Bei diesem verantwortlichen Personenkreis handelt es sich nicht um ein abstraktes und ominöses "soziales Kommando des Kapitals" (vgl. Materialien für einen neuen Anti-Imperialismus), hinter dem die Akteurinnen verschwinden, sondern um benennbare Entscheidungsträgerinnen mit verschiedenen Funktionen, die aufgrund ihres politischen Handelns bspw. für die Perfektionierung des rassistischen EU-Grenzregimes stehen.

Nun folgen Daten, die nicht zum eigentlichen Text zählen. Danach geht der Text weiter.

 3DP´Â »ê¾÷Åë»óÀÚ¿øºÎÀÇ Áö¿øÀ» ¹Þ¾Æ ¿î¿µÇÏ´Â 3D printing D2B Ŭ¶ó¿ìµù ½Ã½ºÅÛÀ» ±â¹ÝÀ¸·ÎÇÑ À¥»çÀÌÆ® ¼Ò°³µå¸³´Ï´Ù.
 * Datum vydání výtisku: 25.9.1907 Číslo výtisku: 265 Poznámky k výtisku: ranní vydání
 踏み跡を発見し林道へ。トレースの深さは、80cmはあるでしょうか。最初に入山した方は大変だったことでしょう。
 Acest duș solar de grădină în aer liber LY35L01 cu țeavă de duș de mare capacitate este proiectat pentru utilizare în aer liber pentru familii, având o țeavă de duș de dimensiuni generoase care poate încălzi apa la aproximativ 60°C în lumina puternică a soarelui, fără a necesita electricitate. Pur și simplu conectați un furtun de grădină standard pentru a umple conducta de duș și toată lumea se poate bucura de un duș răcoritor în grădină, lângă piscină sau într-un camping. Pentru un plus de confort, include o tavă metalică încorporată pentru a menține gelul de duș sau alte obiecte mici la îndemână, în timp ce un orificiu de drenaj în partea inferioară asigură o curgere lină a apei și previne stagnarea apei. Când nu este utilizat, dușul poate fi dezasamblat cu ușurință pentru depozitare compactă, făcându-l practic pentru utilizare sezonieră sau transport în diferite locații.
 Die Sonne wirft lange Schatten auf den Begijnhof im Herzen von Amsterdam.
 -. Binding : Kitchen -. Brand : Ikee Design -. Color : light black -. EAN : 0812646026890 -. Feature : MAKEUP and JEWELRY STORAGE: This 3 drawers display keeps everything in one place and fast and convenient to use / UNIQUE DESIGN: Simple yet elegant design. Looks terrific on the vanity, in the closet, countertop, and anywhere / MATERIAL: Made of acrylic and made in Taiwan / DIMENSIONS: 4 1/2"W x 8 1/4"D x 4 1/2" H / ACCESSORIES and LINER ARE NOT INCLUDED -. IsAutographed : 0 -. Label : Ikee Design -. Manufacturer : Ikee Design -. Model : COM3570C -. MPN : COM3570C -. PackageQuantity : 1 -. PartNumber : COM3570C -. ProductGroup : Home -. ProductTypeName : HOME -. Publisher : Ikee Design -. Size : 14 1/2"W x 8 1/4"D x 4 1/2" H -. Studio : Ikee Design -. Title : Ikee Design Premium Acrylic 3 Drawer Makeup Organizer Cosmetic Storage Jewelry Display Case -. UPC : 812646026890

Unsere Praxismittel sind mit dem "ständigen abfackeln von Autos" tatsächlich nicht an ihr Ende gekommen und können es auch nicht sein, wenn wir eine Perspektive eines umfassenden revolutionären Prozesses für uns in Anspruch nehmen.

Die Orientierung an Praxismitteln, die über den Rahmen von militanter Politik hinausgehen, schließen notwendigerweise eine intensive Diskussion über vergangene und aktuell geführte bewaffnete Kämpfe ein. Unser Interesse ist, zu einer "Normalisierung" in unseren Diskussionen und unserer Praxis als radikale Linke in der BRD zu kommen, dazu gehört selbstverständlich ein Verhältnis nicht nur zu den Potentialen und Grenzen von militanten Politikformen, sondern auch zum bewaffneten Kampf zu finden. Es ist eine Diskussion, wie wir in Etappen von dem Angriff auf materielle Objekte zum Angriff auf verantwortliche Subjekte kommen. Dabei liegt im Zusammenhang mit der Aufbereitung der rz-Politik einiges an Material vor (Stichwort: Knieschüsse) und auch im Antifa-Bereich sind Angriffe gegen Personen durchaus akzeptiert.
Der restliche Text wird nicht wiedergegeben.